**Your goal**:
Your reply should contain nothing except the lines from the one with "Digital Clock, Clock" through the end of the listing below, reproduced exactly and stripped of pictures.

**Given material**:
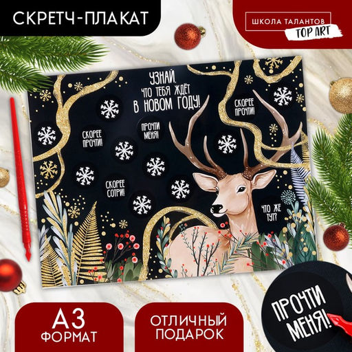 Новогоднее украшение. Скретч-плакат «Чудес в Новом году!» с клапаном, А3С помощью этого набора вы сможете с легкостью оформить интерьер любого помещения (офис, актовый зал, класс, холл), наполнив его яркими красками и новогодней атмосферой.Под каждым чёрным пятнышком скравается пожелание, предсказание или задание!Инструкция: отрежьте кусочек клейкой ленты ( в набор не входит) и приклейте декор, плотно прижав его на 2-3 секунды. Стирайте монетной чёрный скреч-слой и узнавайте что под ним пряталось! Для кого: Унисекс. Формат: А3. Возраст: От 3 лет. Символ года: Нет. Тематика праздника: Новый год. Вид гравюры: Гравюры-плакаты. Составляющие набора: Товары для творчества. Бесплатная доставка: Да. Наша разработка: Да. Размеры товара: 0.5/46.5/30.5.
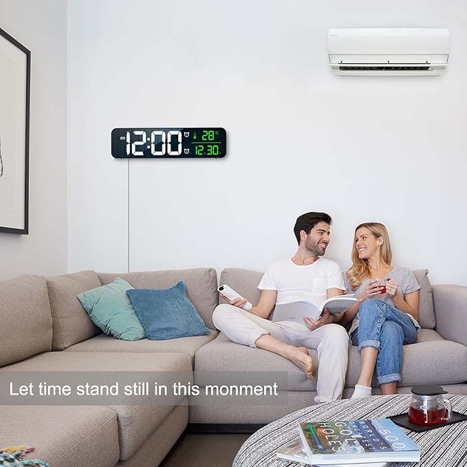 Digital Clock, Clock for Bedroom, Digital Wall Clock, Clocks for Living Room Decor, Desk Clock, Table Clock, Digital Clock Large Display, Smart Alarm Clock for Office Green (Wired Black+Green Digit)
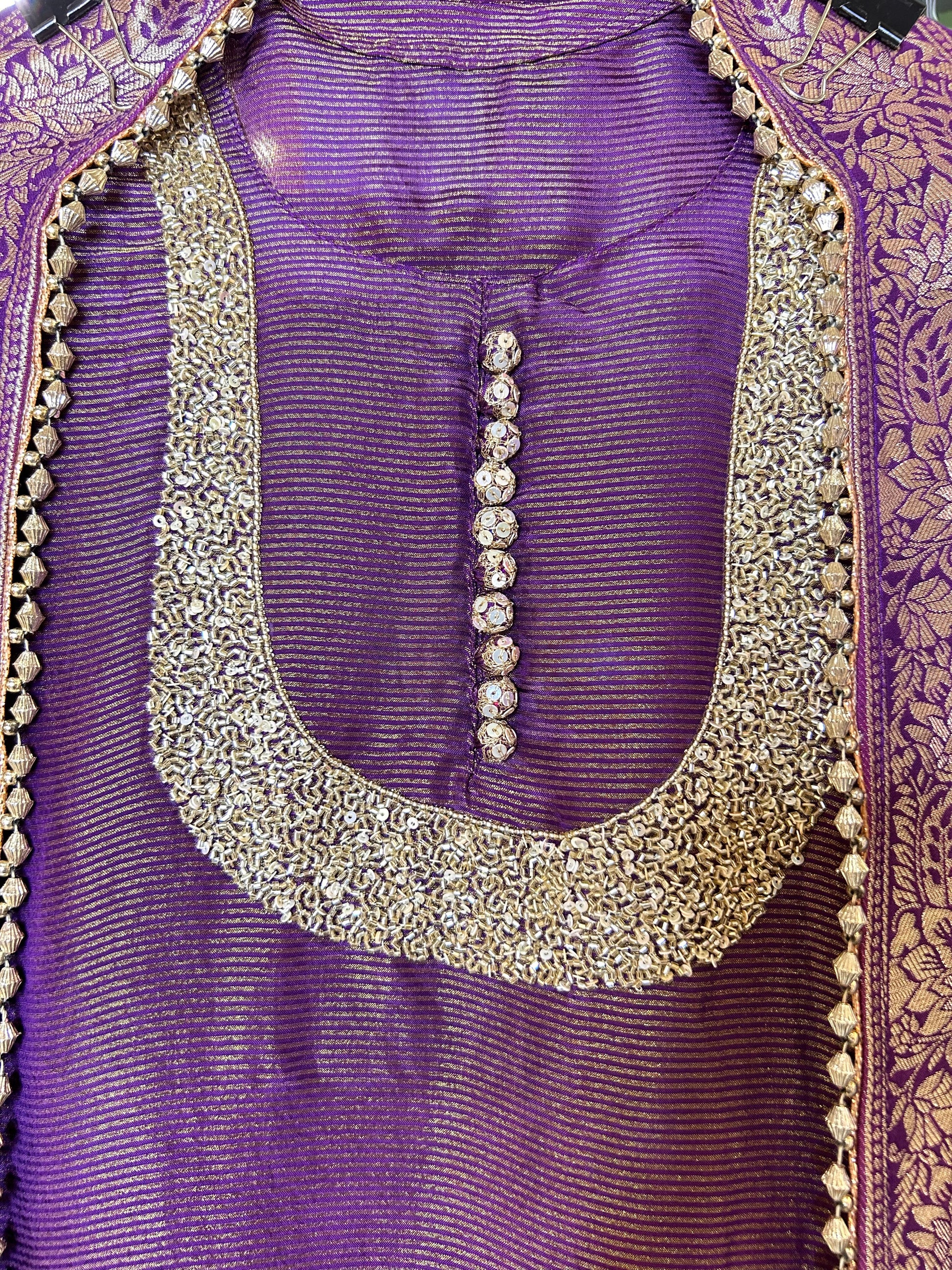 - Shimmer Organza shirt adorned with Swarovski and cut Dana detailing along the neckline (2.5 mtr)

**Answer below**:
 Digital Clock, Clock for Bedroom, Digital Wall Clock, Clocks for Living Room Decor, Desk Clock, Table Clock, Digital Clock Large Display, Smart Alarm Clock for Office Green (Wired Black+Green Digit)
 - Shimmer Organza shirt adorned with Swarovski and cut Dana detailing along the neckline (2.5 mtr)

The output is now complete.